SOUTH FORK — The South Fork Town Board hosted an informational meeting for the public to introduce a conceptual proposal for a small home development project.

Travis Steffens, owner of R Investments, was the keynote speaker during the presentation and gave a brief background to begin the informational meeting.

Steffens has spent the past several years developing a real estate company known as R Investments that works in what is considered dilapidated communities to revive and strengthen the homes there. R Investment helps fund the projects in these “Opportunity Zones” and works with local homeless populations to help provide education in trade employment.

In recent years, Steffens and his team changed directions and began to focus on rural areas that were in need of workforce affordable housing. Having grown up on a ranch outside of Monte Vista, Steffens felt a personal need to bring this to South Fork.

“In the last 10 years or so this community as well as others began to decline and as I look around and talk with business owners, one solution we can see is to fix the need for workforce and affordable housing,” he said.

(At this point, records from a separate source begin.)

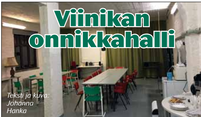
Teksti ja kuva: Johanna Hanka

■ 1920-luvulla joukko viinikkalaisia alkoi pohtia ensimmäistä onnikkareittiä Tampereen Kivistönkylästä keskustan Kaupatorille. Päätettiin perustaa osakeyhtiö, Viinikan Auto Oy, jonka omistajiksi saatiin 200 viinikkalaista.
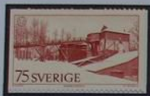
Fundición de madera en Engelsberg -siglo XVIII.

Viajar por el distrito minero de Västmanland es visitar la historia minera sueca. Minas abandonadas, hornos de fundición y herrerías jalonan la carretera. Pero algunas herrerías pueden ser vistas en funcionamiento todavía a lo largo del canal de Strömsholm. La historia del sello puede ser seguida en Kopparberg, donde quizá el sello mas valioso en el mundo fue timbrado con fecha de 13 de Julio de 1857, el conocido amarillo tres skilling banco.
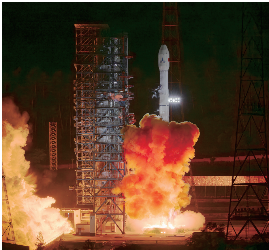
新华社记者 胡喆 温竞华 刘祯
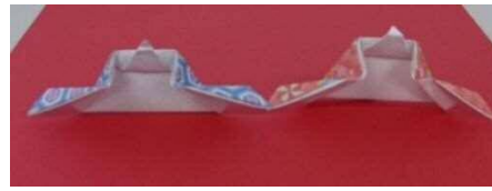
『おりがみの散歩道』生活ジャーナル
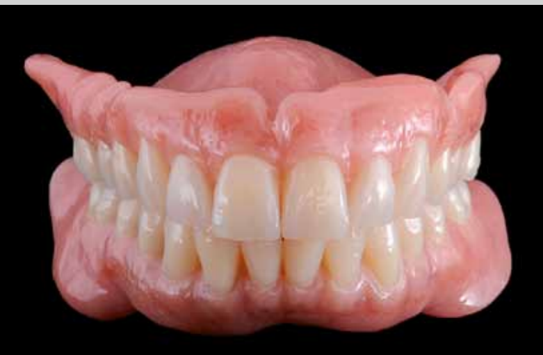
Les prothèses terminées
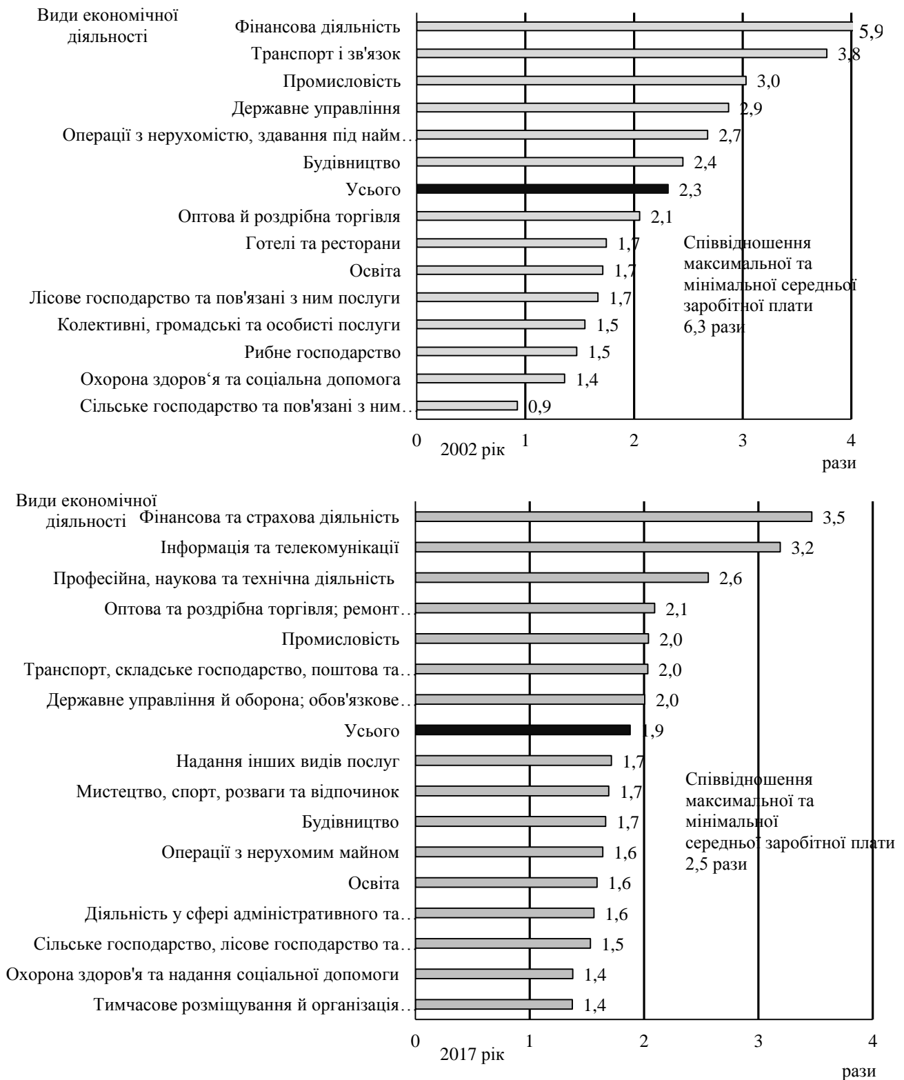
Рисунок 2 – Співвідношення середньомісячної та мінімальної заробітних плат за видами економічної діяльності на початок року (розраховано автором за даними [8])

як особистості, так і підприємств, бути важелем гармонійному розвитку суспільства, високих темпів економічного зростання.

Steffens explained that their initial goal was to use property that they purchased on the east side of town where the old sawmill was to build a small home community or village, as he referred to it, called Timbermill Crossing.

Steffens began conversations with members of the town council and other key players in February of this year and had only now gone public with his intentions. 

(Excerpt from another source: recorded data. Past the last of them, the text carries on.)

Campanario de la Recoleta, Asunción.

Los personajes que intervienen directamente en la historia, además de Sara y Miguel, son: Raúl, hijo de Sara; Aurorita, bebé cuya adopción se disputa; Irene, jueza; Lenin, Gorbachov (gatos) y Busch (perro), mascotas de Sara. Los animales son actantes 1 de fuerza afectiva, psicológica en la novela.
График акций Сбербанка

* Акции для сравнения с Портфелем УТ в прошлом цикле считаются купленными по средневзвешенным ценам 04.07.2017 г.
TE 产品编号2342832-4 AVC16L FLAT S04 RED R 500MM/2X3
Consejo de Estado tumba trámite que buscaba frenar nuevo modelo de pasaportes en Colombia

The community would consist of several small homes, similar to tiny homes in a way, on separate lots that would be about 600 square feet with the ability to expand if needed. Though most of the details on the project were still underway, Steffens wanted to inform the community of their thoughts and the direction the project may go. 

Several community members and business owners voiced concerns about the proposal including whether or not the homes would bring in funding sources for the town, provide a tax base for emergency services and allow for more use of Airbnbs in the area, which has already become an issue for several lodging businesses and homeowners. 

Steffens stated this project would help limit Airbnbs but that he would not request a moratorium of Airbnbs from the homeowners. Steffens said they would begin with an initial 100 homes built on trailers that would meet state building codes, fire codes on commercially zoned land. The homes are built as 100-year homes, if well cared for, and will be built to the highest standards while keeping the cultural, historical and small-town value of South Fork in mind. 

Steffens will bring more definitive plans back to the community and the board.